[Extracted records]
__________________________________________________

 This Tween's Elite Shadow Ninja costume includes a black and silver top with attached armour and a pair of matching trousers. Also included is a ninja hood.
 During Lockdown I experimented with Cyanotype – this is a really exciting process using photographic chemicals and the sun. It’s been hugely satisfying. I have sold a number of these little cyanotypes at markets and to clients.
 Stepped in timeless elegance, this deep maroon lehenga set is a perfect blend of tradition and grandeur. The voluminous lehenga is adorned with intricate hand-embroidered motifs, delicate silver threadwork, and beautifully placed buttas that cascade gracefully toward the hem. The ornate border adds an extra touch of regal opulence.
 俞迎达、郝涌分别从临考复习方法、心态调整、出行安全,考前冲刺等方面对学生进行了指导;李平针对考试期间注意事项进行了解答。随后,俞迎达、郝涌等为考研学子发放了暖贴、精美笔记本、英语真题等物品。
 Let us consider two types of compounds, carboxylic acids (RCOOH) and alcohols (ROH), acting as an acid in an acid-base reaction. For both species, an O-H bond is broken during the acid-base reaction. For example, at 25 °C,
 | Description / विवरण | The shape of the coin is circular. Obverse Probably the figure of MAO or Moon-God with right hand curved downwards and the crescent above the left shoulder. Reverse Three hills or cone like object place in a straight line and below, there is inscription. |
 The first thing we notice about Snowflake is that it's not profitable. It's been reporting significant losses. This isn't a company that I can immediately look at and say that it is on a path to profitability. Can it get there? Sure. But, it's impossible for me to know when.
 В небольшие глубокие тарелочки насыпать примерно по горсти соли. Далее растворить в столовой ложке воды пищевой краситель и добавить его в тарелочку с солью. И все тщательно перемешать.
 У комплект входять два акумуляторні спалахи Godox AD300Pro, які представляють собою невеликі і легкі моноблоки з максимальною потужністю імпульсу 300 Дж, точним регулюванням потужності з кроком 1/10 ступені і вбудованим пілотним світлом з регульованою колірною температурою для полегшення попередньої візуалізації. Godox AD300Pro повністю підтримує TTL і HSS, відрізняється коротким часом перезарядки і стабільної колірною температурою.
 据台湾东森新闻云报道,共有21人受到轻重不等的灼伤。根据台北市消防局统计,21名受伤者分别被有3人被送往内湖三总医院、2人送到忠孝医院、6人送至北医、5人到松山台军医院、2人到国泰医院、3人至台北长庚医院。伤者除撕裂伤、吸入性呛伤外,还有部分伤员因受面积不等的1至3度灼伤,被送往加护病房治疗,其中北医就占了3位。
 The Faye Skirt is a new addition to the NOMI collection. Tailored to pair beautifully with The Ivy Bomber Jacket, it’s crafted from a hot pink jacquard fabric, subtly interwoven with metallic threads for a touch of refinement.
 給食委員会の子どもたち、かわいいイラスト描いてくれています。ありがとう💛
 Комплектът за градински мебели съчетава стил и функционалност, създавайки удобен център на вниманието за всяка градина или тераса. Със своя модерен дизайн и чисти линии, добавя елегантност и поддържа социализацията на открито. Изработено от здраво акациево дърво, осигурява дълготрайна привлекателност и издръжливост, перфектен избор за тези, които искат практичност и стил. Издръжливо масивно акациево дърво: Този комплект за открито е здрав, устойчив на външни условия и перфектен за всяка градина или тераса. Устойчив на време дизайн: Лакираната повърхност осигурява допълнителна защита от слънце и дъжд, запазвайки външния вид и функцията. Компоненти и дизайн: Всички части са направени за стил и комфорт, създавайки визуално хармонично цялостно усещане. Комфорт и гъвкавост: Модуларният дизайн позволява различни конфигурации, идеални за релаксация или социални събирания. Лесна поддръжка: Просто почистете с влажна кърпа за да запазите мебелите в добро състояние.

__________________________________________________

WHAT IS NEEDED. Starting with the line with "Let us consider" above and going on through the line with "給食委員会の子どもたち、かわいいイラスト描いてくれています。ありがとう💛", transcribe every line exactly, both ends included, and add nothing.

EXERCISE SOLUTION.
 Let us consider two types of compounds, carboxylic acids (RCOOH) and alcohols (ROH), acting as an acid in an acid-base reaction. For both species, an O-H bond is broken during the acid-base reaction. For example, at 25 °C,
 | Description / विवरण | The shape of the coin is circular. Obverse Probably the figure of MAO or Moon-God with right hand curved downwards and the crescent above the left shoulder. Reverse Three hills or cone like object place in a straight line and below, there is inscription. |
 The first thing we notice about Snowflake is that it's not profitable. It's been reporting significant losses. This isn't a company that I can immediately look at and say that it is on a path to profitability. Can it get there? Sure. But, it's impossible for me to know when.
 В небольшие глубокие тарелочки насыпать примерно по горсти соли. Далее растворить в столовой ложке воды пищевой краситель и добавить его в тарелочку с солью. И все тщательно перемешать.
 У комплект входять два акумуляторні спалахи Godox AD300Pro, які представляють собою невеликі і легкі моноблоки з максимальною потужністю імпульсу 300 Дж, точним регулюванням потужності з кроком 1/10 ступені і вбудованим пілотним світлом з регульованою колірною температурою для полегшення попередньої візуалізації. Godox AD300Pro повністю підтримує TTL і HSS, відрізняється коротким часом перезарядки і стабільної колірною температурою.
 据台湾东森新闻云报道,共有21人受到轻重不等的灼伤。根据台北市消防局统计,21名受伤者分别被有3人被送往内湖三总医院、2人送到忠孝医院、6人送至北医、5人到松山台军医院、2人到国泰医院、3人至台北长庚医院。伤者除撕裂伤、吸入性呛伤外,还有部分伤员因受面积不等的1至3度灼伤,被送往加护病房治疗,其中北医就占了3位。
 The Faye Skirt is a new addition to the NOMI collection. Tailored to pair beautifully with The Ivy Bomber Jacket, it’s crafted from a hot pink jacquard fabric, subtly interwoven with metallic threads for a touch of refinement.
 給食委員会の子どもたち、かわいいイラスト描いてくれています。ありがとう💛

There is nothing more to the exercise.